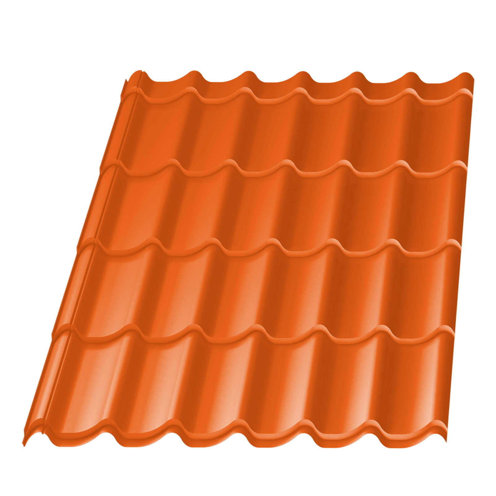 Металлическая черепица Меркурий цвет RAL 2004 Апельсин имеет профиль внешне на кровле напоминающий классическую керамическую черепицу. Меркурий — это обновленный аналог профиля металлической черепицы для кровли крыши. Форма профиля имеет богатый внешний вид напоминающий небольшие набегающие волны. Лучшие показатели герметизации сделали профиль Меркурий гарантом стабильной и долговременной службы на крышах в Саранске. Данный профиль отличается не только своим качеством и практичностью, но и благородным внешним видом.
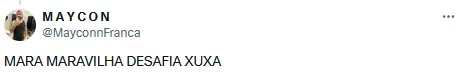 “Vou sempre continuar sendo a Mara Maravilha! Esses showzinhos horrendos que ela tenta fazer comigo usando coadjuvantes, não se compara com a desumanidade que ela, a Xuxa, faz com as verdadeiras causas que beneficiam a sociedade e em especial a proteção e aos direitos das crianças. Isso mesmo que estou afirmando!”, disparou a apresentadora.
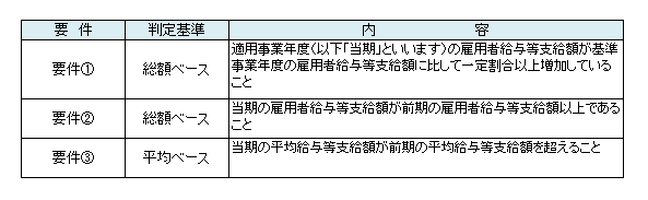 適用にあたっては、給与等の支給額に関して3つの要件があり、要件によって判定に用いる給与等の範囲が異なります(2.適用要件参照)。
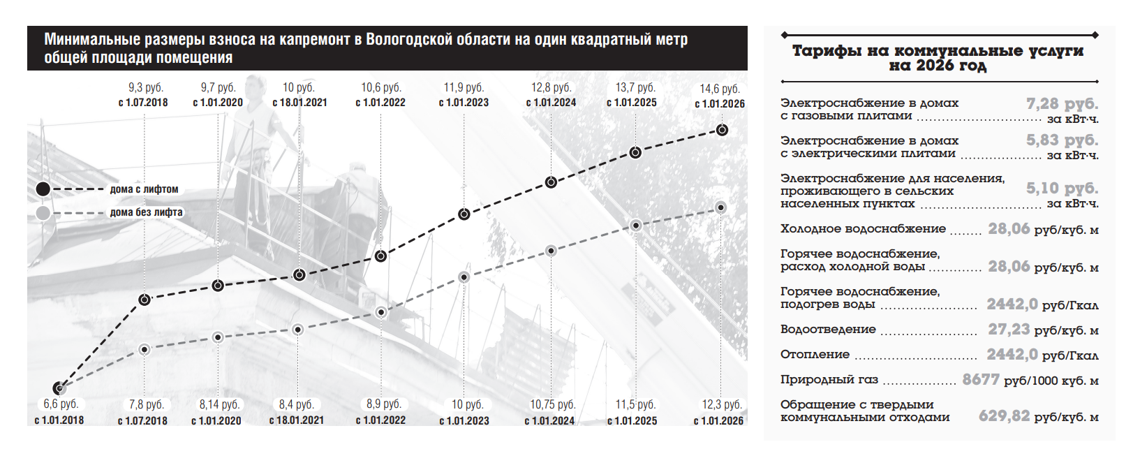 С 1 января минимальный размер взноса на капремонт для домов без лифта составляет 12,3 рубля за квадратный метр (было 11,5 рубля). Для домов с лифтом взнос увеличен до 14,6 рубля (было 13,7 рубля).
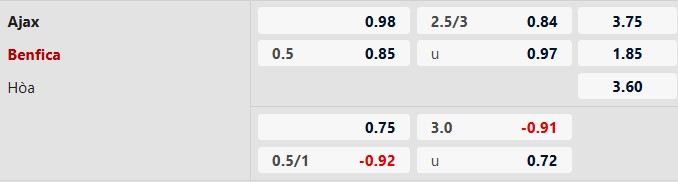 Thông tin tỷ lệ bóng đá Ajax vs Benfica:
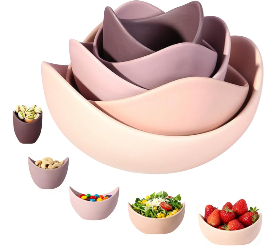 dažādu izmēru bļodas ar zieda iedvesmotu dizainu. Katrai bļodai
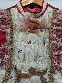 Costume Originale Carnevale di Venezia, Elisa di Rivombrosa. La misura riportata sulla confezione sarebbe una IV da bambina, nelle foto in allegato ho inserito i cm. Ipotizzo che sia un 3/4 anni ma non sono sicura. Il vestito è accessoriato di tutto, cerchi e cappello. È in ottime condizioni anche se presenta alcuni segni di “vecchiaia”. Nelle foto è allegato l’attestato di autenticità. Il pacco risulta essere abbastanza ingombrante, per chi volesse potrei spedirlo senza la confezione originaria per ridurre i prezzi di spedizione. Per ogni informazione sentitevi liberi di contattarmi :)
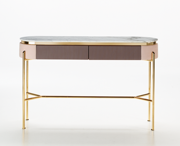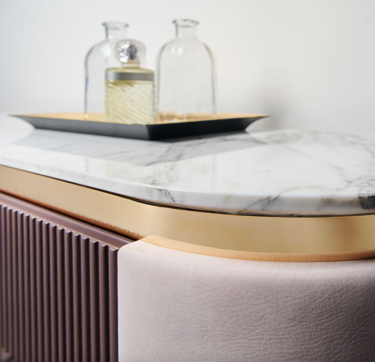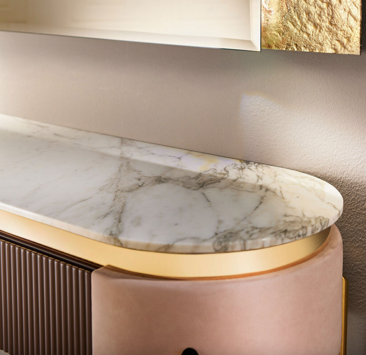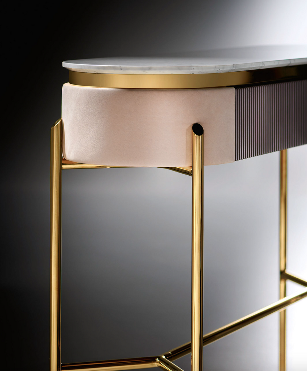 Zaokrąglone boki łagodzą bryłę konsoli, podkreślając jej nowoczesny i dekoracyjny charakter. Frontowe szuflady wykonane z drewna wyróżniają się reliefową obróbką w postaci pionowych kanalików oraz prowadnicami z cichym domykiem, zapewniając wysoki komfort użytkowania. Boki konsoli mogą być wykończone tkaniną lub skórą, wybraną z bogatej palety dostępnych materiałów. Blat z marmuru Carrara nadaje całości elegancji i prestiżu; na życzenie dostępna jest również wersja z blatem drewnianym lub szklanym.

== Instructions to follow ==
Restate the data word for word from its first line through the line with "disparou a apresentadora.", leaving out any picture along the way.

== Response area ==
 Металлическая черепица Меркурий цвет RAL 2004 Апельсин имеет профиль внешне на кровле напоминающий классическую керамическую черепицу. Меркурий — это обновленный аналог профиля металлической черепицы для кровли крыши. Форма профиля имеет богатый внешний вид напоминающий небольшие набегающие волны. Лучшие показатели герметизации сделали профиль Меркурий гарантом стабильной и долговременной службы на крышах в Саранске. Данный профиль отличается не только своим качеством и практичностью, но и благородным внешним видом.
 “Vou sempre continuar sendo a Mara Maravilha! Esses showzinhos horrendos que ela tenta fazer comigo usando coadjuvantes, não se compara com a desumanidade que ela, a Xuxa, faz com as verdadeiras causas que beneficiam a sociedade e em especial a proteção e aos direitos das crianças. Isso mesmo que estou afirmando!”, disparou a apresentadora.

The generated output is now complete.